- **EXERCISE DETAILS**:
Beneath this line is the data. Output exactly the lines from the line with "Static display: tea suits, tea accessories" to the line with "Through computerized modeling", both ends included, and nothing more.

*****

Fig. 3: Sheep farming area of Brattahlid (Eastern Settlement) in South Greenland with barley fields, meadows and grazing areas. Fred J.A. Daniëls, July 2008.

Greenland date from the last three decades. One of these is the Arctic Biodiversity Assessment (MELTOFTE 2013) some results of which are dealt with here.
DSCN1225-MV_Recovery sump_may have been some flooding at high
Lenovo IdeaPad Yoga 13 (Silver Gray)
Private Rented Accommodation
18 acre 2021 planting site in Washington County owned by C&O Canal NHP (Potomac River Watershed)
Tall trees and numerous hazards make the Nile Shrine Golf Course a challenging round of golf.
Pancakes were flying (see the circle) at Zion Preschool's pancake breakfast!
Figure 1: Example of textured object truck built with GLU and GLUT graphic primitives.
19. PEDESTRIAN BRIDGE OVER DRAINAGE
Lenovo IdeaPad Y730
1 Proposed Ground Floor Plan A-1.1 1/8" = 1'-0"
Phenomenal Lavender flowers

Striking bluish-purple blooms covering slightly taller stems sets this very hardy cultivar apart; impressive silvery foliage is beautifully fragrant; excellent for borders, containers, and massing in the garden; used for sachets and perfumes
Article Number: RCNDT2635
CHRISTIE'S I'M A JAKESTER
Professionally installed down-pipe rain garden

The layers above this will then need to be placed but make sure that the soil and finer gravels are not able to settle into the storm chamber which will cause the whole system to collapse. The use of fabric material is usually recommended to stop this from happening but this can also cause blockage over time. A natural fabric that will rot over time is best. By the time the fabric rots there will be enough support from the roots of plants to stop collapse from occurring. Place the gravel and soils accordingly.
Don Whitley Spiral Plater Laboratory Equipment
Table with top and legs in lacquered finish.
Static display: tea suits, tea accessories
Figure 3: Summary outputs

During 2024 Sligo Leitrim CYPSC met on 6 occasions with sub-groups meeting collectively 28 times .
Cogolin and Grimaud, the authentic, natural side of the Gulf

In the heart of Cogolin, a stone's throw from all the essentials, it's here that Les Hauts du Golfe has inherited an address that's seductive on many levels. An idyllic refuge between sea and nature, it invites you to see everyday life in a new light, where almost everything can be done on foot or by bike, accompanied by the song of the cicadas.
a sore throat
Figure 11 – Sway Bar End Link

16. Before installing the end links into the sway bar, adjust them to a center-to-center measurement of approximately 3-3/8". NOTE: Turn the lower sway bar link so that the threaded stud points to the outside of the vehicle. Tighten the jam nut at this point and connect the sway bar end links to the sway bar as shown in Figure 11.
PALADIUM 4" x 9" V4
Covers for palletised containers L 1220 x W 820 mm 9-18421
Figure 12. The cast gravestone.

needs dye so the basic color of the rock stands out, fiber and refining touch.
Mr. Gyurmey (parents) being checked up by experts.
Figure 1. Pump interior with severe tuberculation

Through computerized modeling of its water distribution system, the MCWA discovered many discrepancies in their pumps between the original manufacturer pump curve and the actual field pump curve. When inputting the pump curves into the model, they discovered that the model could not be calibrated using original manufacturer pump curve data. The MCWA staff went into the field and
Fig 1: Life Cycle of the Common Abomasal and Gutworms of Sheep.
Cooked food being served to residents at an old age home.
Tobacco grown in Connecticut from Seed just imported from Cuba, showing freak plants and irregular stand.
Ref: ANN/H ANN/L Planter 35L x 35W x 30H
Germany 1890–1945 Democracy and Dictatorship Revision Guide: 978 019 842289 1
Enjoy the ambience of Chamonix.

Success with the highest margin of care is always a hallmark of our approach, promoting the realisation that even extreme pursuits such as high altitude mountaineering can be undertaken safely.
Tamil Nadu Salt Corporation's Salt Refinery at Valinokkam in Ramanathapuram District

*****

- **EXERCISE OUTPUT**:
Static display: tea suits, tea accessories
Figure 3: Summary outputs

During 2024 Sligo Leitrim CYPSC met on 6 occasions with sub-groups meeting collectively 28 times .
Cogolin and Grimaud, the authentic, natural side of the Gulf

In the heart of Cogolin, a stone's throw from all the essentials, it's here that Les Hauts du Golfe has inherited an address that's seductive on many levels. An idyllic refuge between sea and nature, it invites you to see everyday life in a new light, where almost everything can be done on foot or by bike, accompanied by the song of the cicadas.
a sore throat
Figure 11 – Sway Bar End Link

16. Before installing the end links into the sway bar, adjust them to a center-to-center measurement of approximately 3-3/8". NOTE: Turn the lower sway bar link so that the threaded stud points to the outside of the vehicle. Tighten the jam nut at this point and connect the sway bar end links to the sway bar as shown in Figure 11.
PALADIUM 4" x 9" V4
Covers for palletised containers L 1220 x W 820 mm 9-18421
Figure 12. The cast gravestone.

needs dye so the basic color of the rock stands out, fiber and refining touch.
Mr. Gyurmey (parents) being checked up by experts.
Figure 1. Pump interior with severe tuberculation

Through computerized modeling of its water distribution system, the MCWA discovered many discrepancies in their pumps between the original manufacturer pump curve and the actual field pump curve. When inputting the pump curves into the model, they discovered that the model could not be calibrated using original manufacturer pump curve data. The MCWA staff went into the field and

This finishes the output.